Starting at the line containing "Materials : Blue" and ending at the line containing "The Napier report", transcribe the listing below exactly. Keep both end lines, skip the pictures, and copy nothing else.
**** RECORDS PROVIDED ****
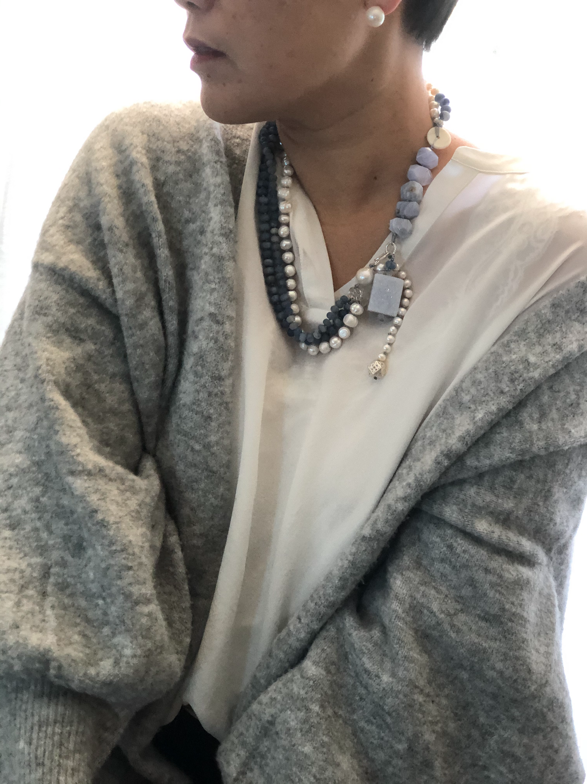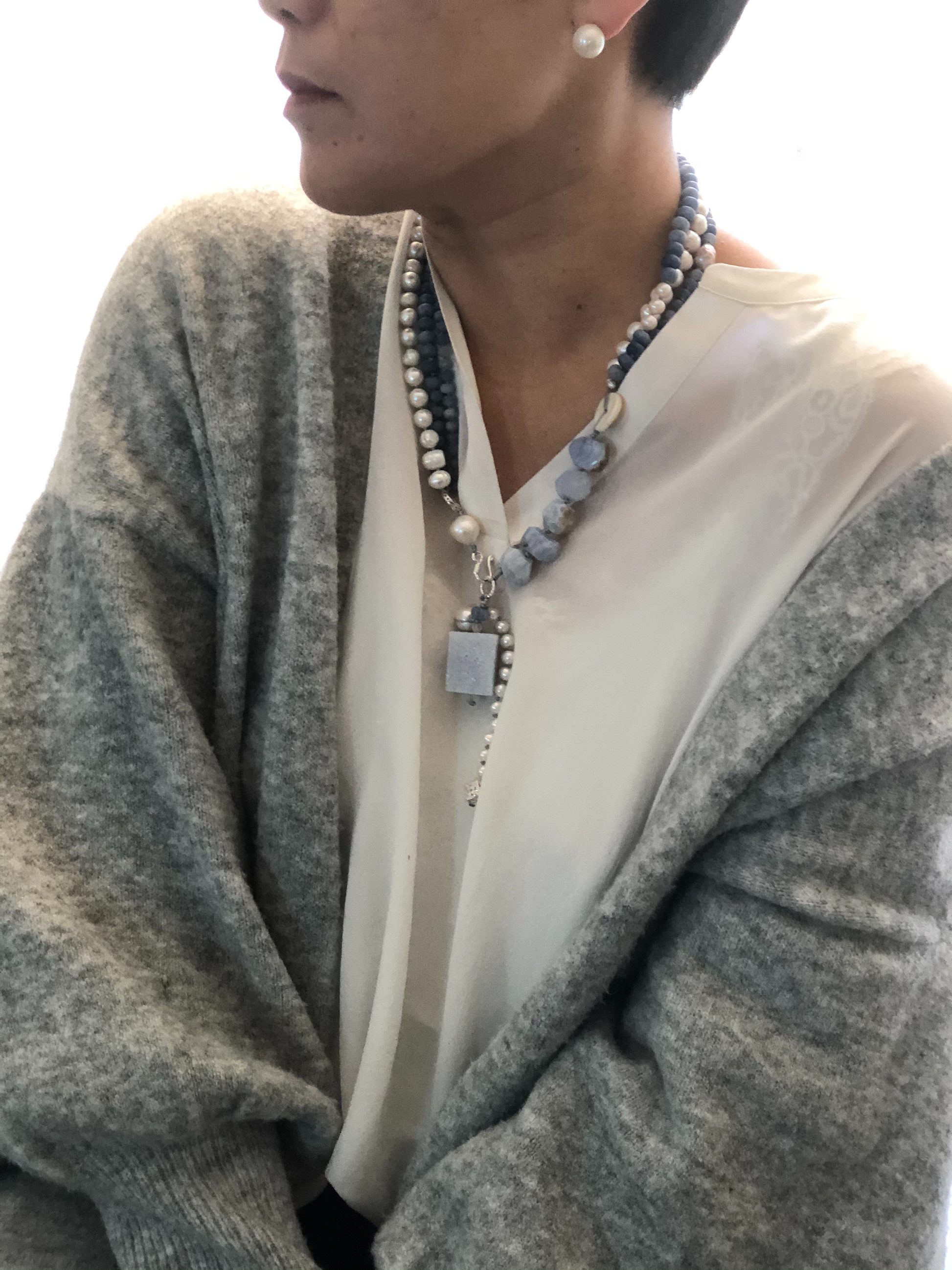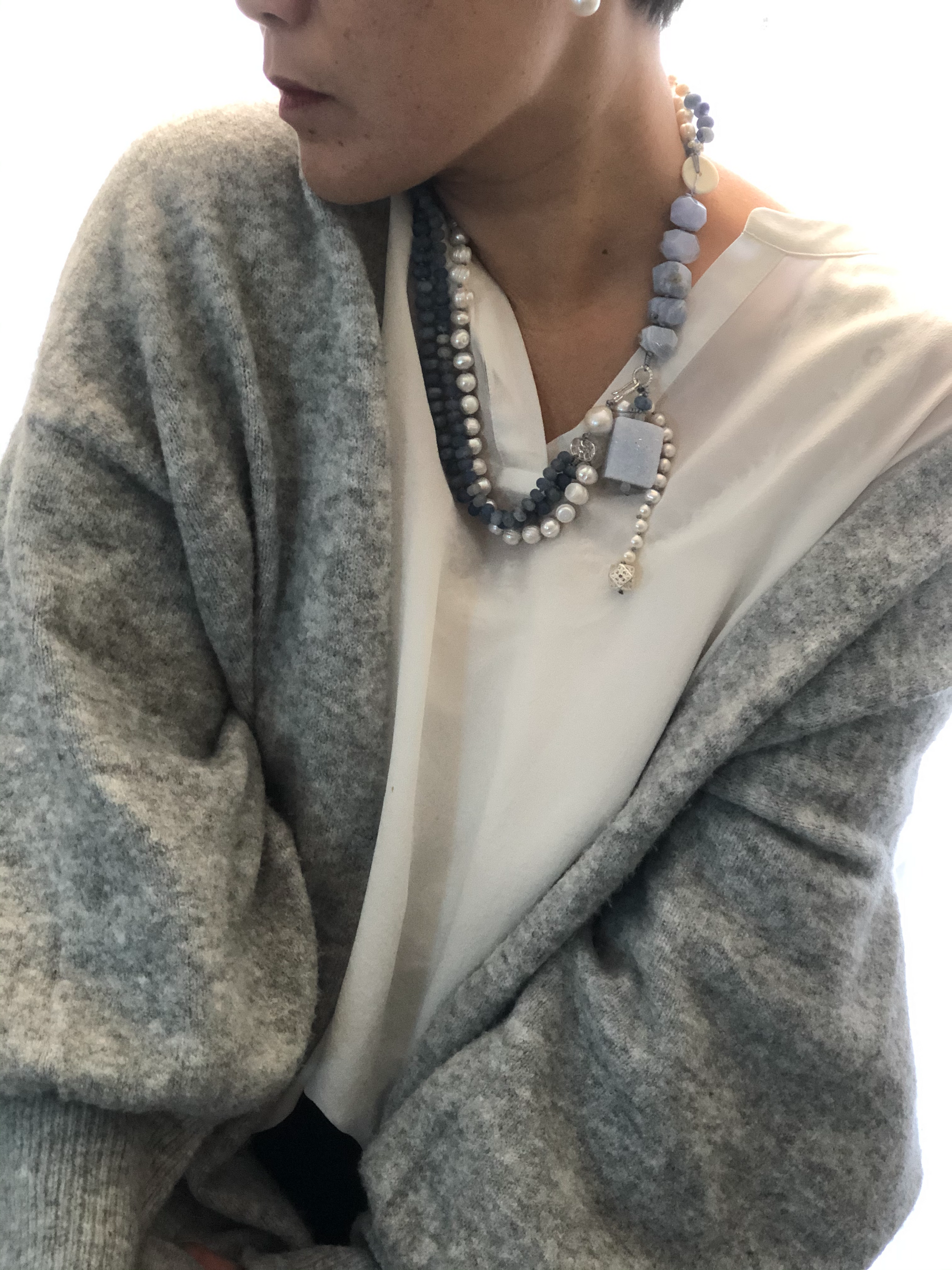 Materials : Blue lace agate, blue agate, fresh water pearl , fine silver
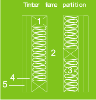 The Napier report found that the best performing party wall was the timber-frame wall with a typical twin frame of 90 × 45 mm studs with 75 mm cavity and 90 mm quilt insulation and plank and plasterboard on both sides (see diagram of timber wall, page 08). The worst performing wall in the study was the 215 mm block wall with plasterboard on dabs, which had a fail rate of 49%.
****
**** RECORDS PROVIDED ****
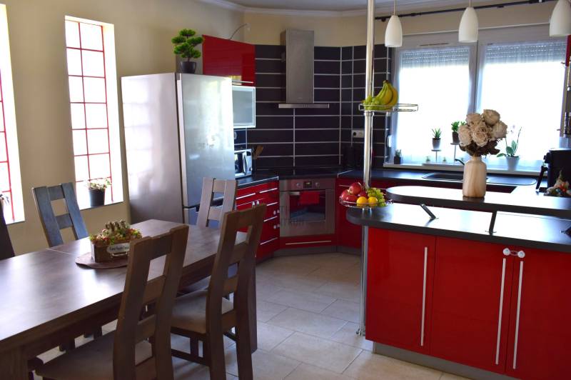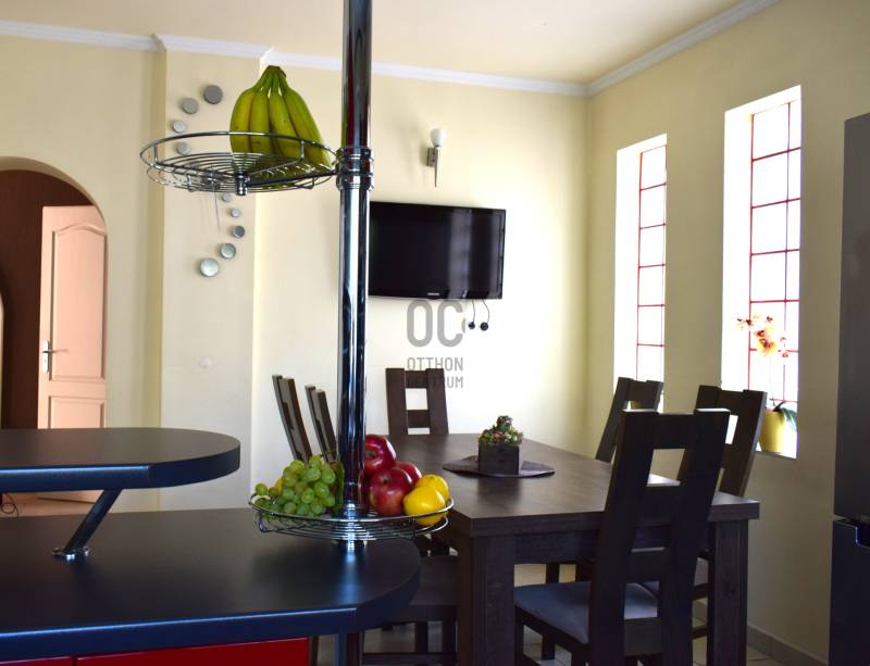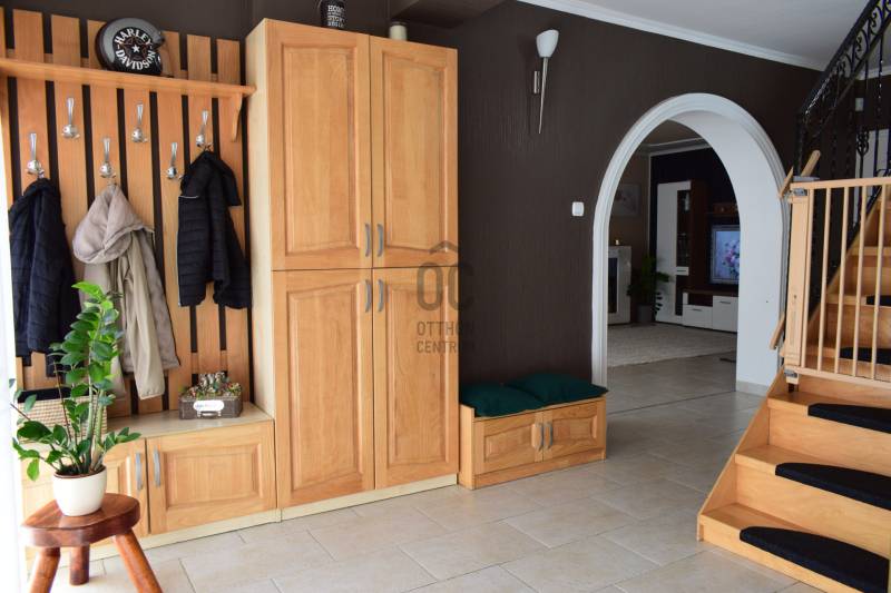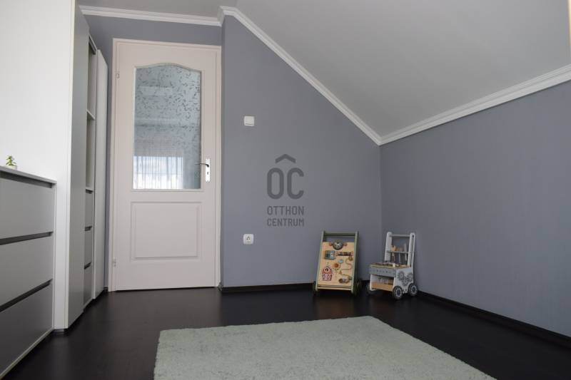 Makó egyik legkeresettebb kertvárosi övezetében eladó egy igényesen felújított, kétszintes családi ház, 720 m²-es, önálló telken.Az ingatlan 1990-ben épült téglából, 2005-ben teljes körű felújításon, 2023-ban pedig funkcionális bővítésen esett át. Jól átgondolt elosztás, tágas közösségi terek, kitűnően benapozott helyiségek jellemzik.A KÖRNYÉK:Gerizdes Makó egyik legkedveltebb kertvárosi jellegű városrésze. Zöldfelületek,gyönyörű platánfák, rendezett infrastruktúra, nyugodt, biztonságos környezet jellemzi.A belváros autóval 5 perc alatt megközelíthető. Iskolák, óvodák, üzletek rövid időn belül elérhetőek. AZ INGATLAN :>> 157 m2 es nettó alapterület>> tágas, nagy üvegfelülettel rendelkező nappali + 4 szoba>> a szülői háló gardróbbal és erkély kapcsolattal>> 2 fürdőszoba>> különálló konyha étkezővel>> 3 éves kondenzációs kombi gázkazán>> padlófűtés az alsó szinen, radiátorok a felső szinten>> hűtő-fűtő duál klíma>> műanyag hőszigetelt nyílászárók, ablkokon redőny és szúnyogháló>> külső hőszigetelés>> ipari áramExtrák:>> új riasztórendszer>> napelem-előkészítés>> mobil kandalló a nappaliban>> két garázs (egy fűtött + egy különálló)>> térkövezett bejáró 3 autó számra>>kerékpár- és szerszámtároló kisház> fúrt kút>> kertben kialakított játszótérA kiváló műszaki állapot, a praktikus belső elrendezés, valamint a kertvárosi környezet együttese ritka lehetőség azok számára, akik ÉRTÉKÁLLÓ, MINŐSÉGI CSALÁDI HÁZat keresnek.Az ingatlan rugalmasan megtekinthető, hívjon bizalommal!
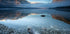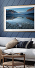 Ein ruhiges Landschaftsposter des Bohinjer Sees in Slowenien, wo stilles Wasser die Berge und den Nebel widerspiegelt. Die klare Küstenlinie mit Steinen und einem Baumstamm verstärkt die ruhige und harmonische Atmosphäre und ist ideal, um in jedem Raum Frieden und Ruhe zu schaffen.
****
**** RECORDS PROVIDED ****
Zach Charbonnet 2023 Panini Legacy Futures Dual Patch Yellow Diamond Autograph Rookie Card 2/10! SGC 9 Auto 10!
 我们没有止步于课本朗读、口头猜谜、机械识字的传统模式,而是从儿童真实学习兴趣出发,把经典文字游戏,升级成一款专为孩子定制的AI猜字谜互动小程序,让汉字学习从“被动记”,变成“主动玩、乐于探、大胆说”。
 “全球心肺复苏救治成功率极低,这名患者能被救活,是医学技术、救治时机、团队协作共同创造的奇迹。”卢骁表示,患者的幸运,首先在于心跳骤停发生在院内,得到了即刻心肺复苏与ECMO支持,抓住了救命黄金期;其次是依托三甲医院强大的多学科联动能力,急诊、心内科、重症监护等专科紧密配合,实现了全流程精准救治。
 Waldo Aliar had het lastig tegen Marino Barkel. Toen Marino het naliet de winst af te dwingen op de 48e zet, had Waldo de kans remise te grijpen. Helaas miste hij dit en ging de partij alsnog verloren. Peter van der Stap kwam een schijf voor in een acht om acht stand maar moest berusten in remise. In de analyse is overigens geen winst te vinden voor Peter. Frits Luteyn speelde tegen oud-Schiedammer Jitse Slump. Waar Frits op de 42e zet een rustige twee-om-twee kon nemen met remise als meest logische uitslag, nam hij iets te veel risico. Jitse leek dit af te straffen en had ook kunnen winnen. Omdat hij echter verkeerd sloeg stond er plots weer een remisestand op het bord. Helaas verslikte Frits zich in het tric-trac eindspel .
****
▸ EXPECTED OUTPUT
 Materials : Blue lace agate, blue agate, fresh water pearl , fine silver
 The Napier report found that the best performing party wall was the timber-frame wall with a typical twin frame of 90 × 45 mm studs with 75 mm cavity and 90 mm quilt insulation and plank and plasterboard on both sides (see diagram of timber wall, page 08). The worst performing wall in the study was the 215 mm block wall with plasterboard on dabs, which had a fail rate of 49%.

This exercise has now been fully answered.